Role of MicroRNA-155 at Early Stages of... : Hepatology (original) (raw)

Hepatobiliary Malignancies

Role of MicroRNA-155 at Early Stages of Hepatocarcinogenesis Induced by Choline-Deficient and Amino Acid–Defined Diet in C57BL/6 Mice†

Wang, Bo1; Majumder, Sarmila1,2; Nuovo, Gerard2,3; Kutay, Huban1; Volinia, Stefano2,4; Patel, Tushar2,5; Schmittgen, Thomas D.2,6; Croce, Carlo2,4; Ghoshal, Kalpana1,2,*,‡; Jacob, Samson T.1,2,*,‡

1 Department of Molecular and Cellular Biochemistry, Ohio State University, Columbus, OH

2 Comprehensive Cancer Center, Ohio State University, Columbus, OH

3 Department of Pathology, Ohio State University, Columbus, OH

4 Department of Molecular Virology, Immunology and Medical Genetics, Ohio State University, Columbus, OH

5 Department of Gastroenterology and Hepatology, Ohio State University, Columbus, OH

6 Department of Pharmacy and Ohio State University, Columbus, OH

*Address reprint requests to: 420 West 12th Avenue, Columbus, OH 43210

E-mail:[email protected]

Received 20 March 2009; Accepted 17 May 2009.

Published online in Wiley InterScience (www.interscience.wiley.com)..

Grant sponsor: National Institutes of Health; Grant Numbers: CA086978 CA101956.

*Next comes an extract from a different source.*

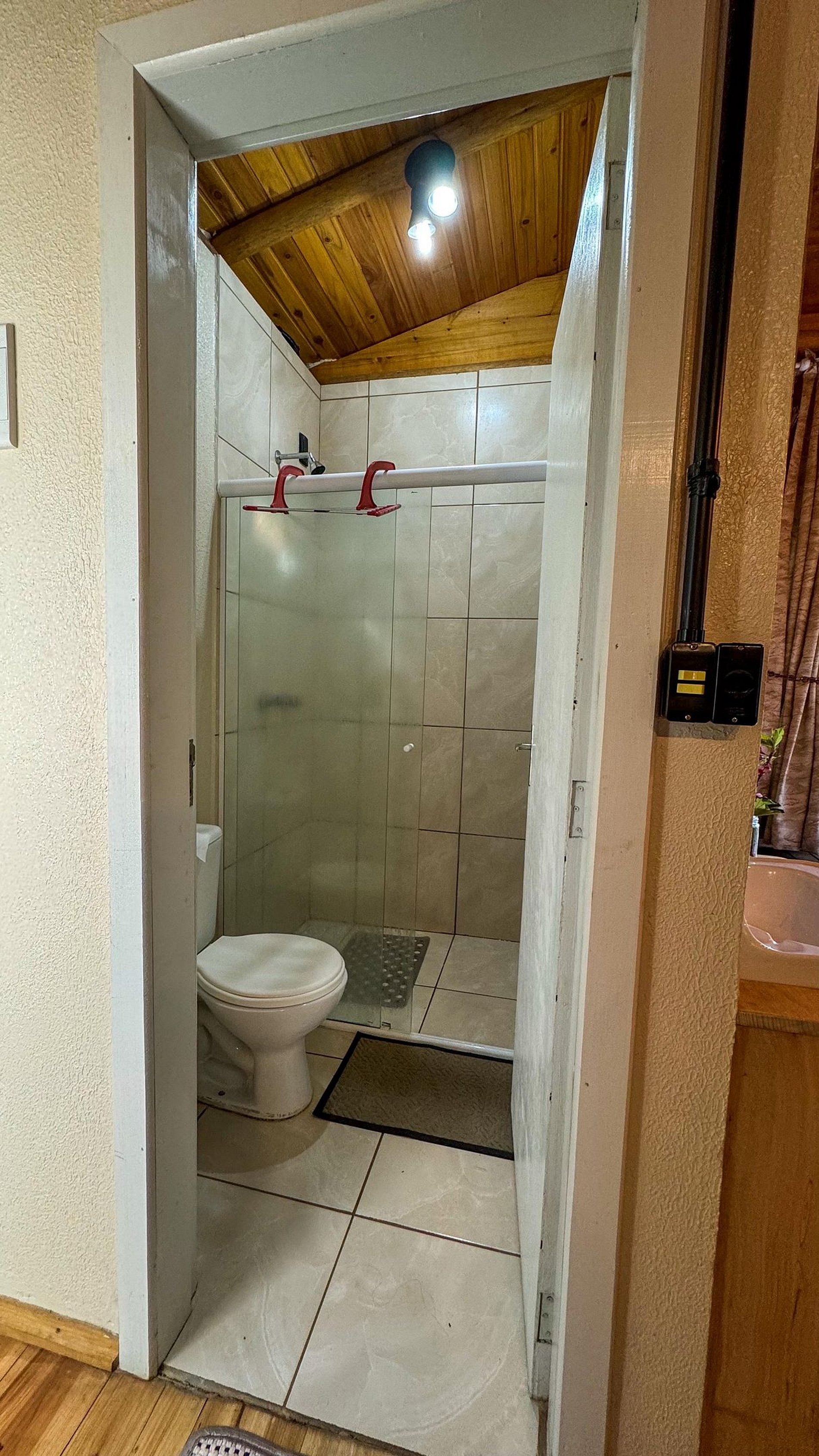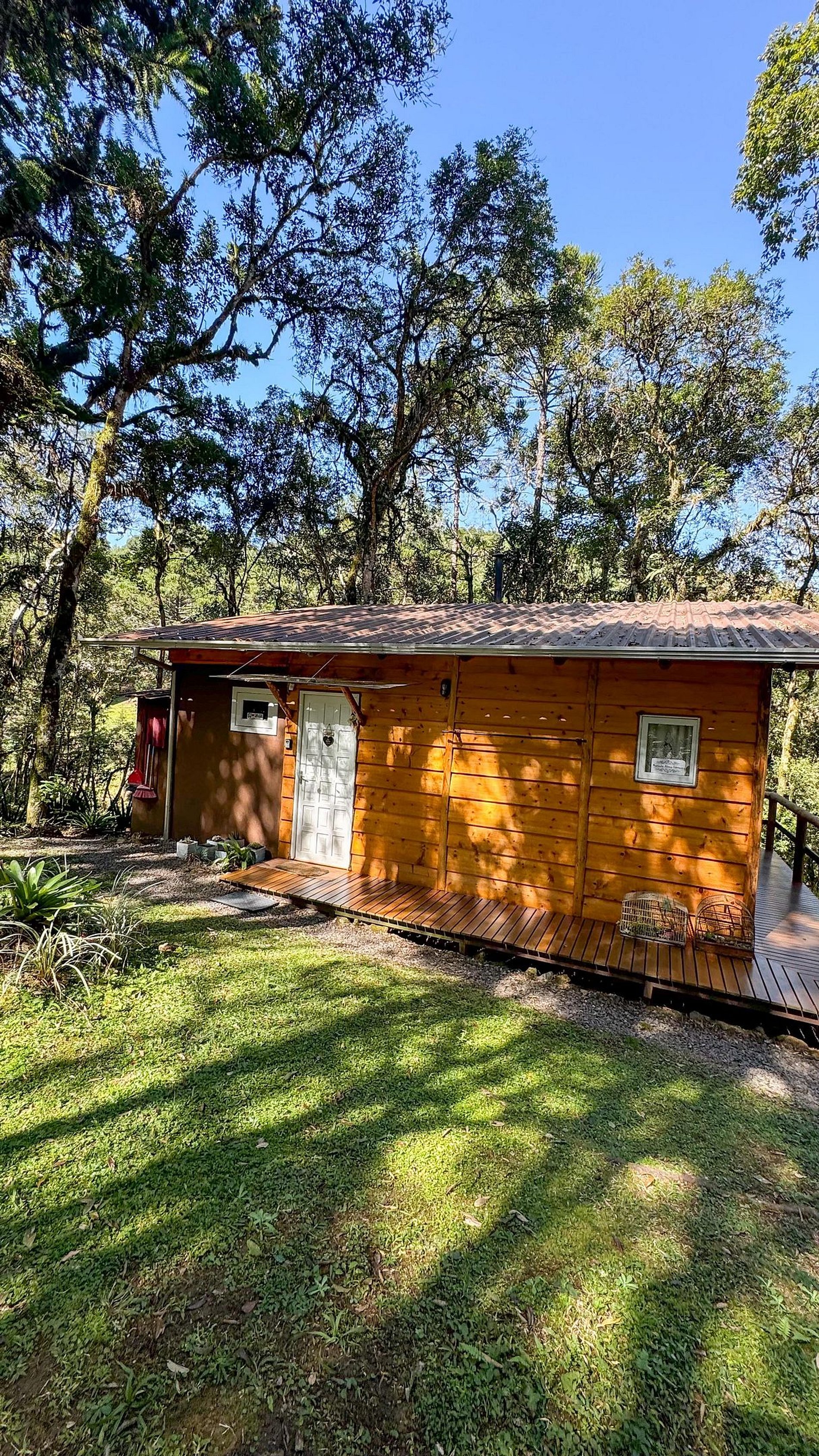 A cabana está pertinho de pontos turísticos e comércio de Campo Alegre, nosso Paraíso da Serra. Está localizada no Distrito de Bateias de Cima, área rural, a 20 km da sede do município. Imersa numa floresta de araucárias e mata nativa, tem tanque para pesca e pedalinho. Um lindo mirante para apreciar o pôr do sol convida para um piquenique, um vinho. Trilhas para caminhadas, balanço e bancos. Lareira de jardim e interna. Chuveiro com ducha a gás.

†Potential conflict of interest: Nothing to report.

‡fax: 614-688-5600

Additional Supporting Information may be found in the online version of this article.

Abstract

MicroRNAs (miRs) are conserved, small (20-25 nucleotide) noncoding RNAs that negatively regulate expression of messenger RNAs (mRNAs) at the posttranscriptional level. Aberrant expression of certain microRNAs plays a causal role in tumorigenesis. Here, we report identification of hepatic microRNAs that are dysregulated at early stages of feeding C57BL/6 mice choline-deficient and amino acid–defined (CDAA) diet that is known to promote nonalcoholic steatohepatitis (NASH)-induced hepatocarcinogenesis after 84 weeks. Microarray analysis identified 30 hepatic microRNAs that are significantly ( P ≤ 0.01) altered in mice fed CDAA diet for 6, 18, 32, and 65 weeks compared with those fed choline-sufficient and amino acid–defined (CSAA) diet. Real-time reverse transcription polymerase chain reaction (RT-PCR) analysis demonstrated up-regulation of oncogenic miR-155, miR-221/222, and miR-21 and down-regulation of the most abundant liver-specific miR-122 at early stages of hepatocarcinogenesis. Western blot analysis showed reduced expression of hepatic phosphatase and tensin homolog (PTEN) and CCAAT/enhancer binding protein beta (C/EBPβ), respective targets of miR-21 and miR-155, in these mice at early stages. DNA binding activity of nuclear factor kappa B (NF-κB) that transactivates miR-155 gene was significantly ( P = 0.002) elevated in the liver nuclear extract of mice fed CDAA diet. Furthermore, the expression of miR-155, as measured by in situ hybridization and real-time RT-PCR, correlated with diet-induced histopathological changes in the liver. Ectopic expression of miR-155 promoted growth of hepatocellular carcinoma (HCC) cells, whereas its depletion inhibited cell growth. Notably, miR-155 was significantly ( P = 0.0004) up-regulated in primary human HCCs with a concomitant decrease ( P = 0.02) in C/EBPβ level compared with matching liver tissues.

Conclusion:

Temporal changes in microRNA profile occur at early stages of CDAA diet-induced hepatocarcinogenesis. Reciprocal regulation of specific oncomirs and their tumor suppressor targets implicate their role in NASH-induced hepatocarcinogenesis and suggest their use in the diagnosis, prognosis, and therapy of liver cancer. (Hepatology 2009.)